Hi all,
I will start with some kind of a disclaimer - I've using RabbitMQ for about 6 years now, in variety of contexts and use cases across different companies, both as a programmer and as an architect and so on. Different operating systems (Windows, Linux even Solaris), very large scale and very small scale. The idea behind this disclaimer is that I will provide here just the symptoms without too much technical details and follow you with questions - as you can guess from the disclaimer, we tried a lot, I don't think everything is relevant here so I will start "light".
In my current company we are using RabbitMQ pretty heavily, about 10 clusters, geo distributed and interconnected with federations. All of the clusters are Linux based, RabbitMQ 3.6.9+ with 3 nodes each.
Recently we started to have on 2 of them the following issue, the issue looks like the cluster goes into some kind of "zombie" mode, which means:
- Connections are not closed, but clients start to have issues (timeouts).
- If there are federations they start to die (due to heartbeat timeout, pretty much the same as the clients - which is clear). Although one of the suffering clusters doesn't have upstream nor downstream federations at all.
- In general the mode looks like RabbitMQ went into suspended mode (you can find it here: https://www.rabbitmq.com/partitions.html#suspend) - we suffered from this a while ago when VMWare had automatic DRS and migrated VMs, which of course causes Erlang machine to misbehave.
- The nodes in the cluster set to pause-minority, which is not actually taking place (just like in suspended mode), node that have issues doesn't really "understand" he is minority, thus not paused, thus not removed from load balancer and so on.
- Relevant ports staying in listening mode, which is not the case when minority is paused.

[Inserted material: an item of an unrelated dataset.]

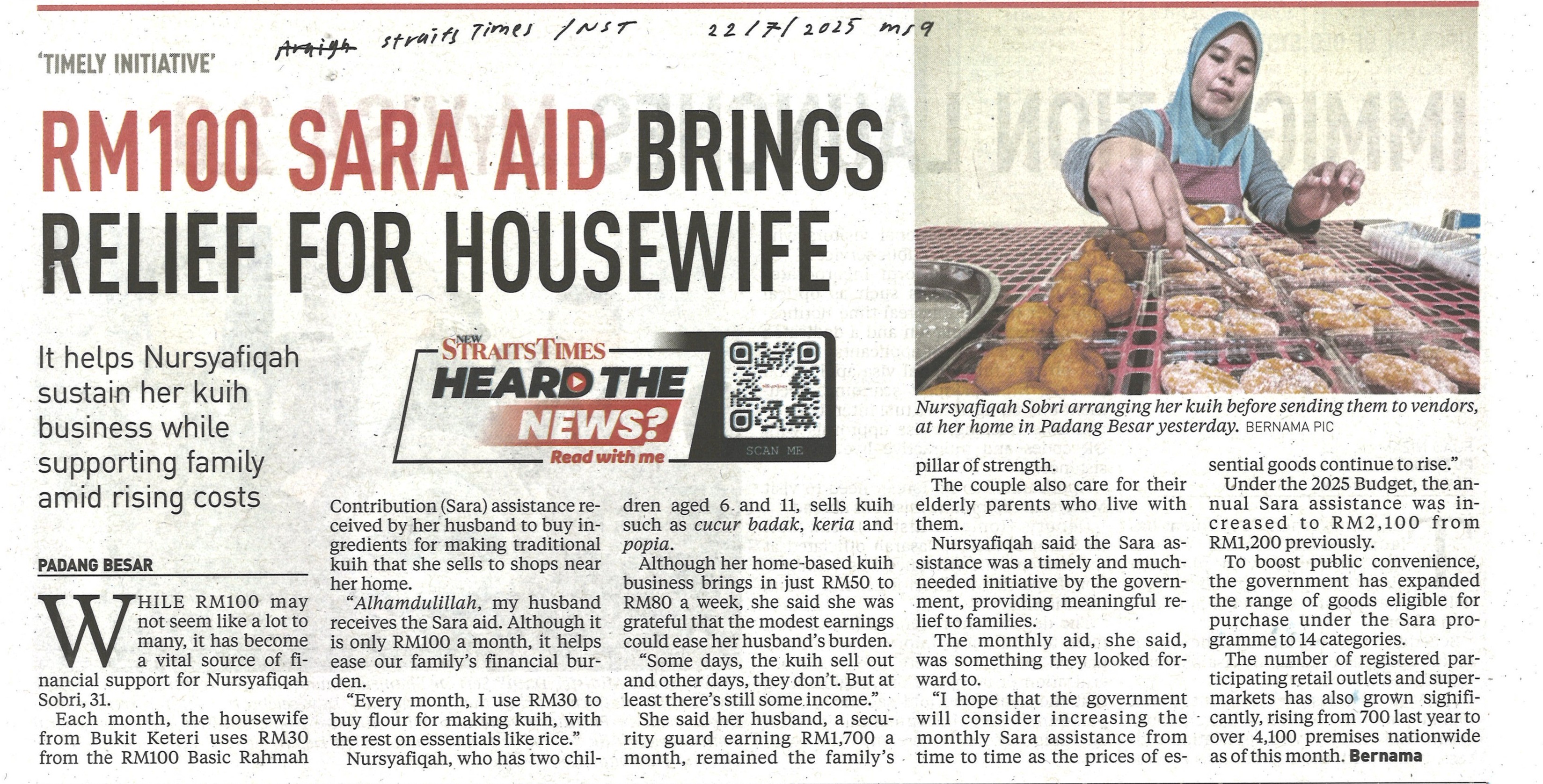 RM100 SARA AID BRINGS RELIEF FOR HOUSEWIFE

- No CPU or memory leak/spike or any other issues during this time, before or after.
- Just to emphasize the issue, the misbehaving cluster/clusters barely has any load - 20-30 messages a second. we have heavy loaded clusters with no such problems at all.
- The only way currently to get out of this state is restarting the node of Rabbit.
- In very rare cases we can't do it (RabbitMQ doesn't responds to start, stop or restart commands) so we restart the VM itself.
- In some cases after the unhealthy node restarted, another one goes into same mode after 5-10 minutes (it may be related to to the same issue not the the restart itself)
No special logs found anywhere, not in RabbitMQ logs, not in sasl logs, except of timeouts that start happening after a node goes into this state.
Any kind of hint, help or question in the right direction may help here.
Thanks a lot, and any kind of technical details can be provided on request.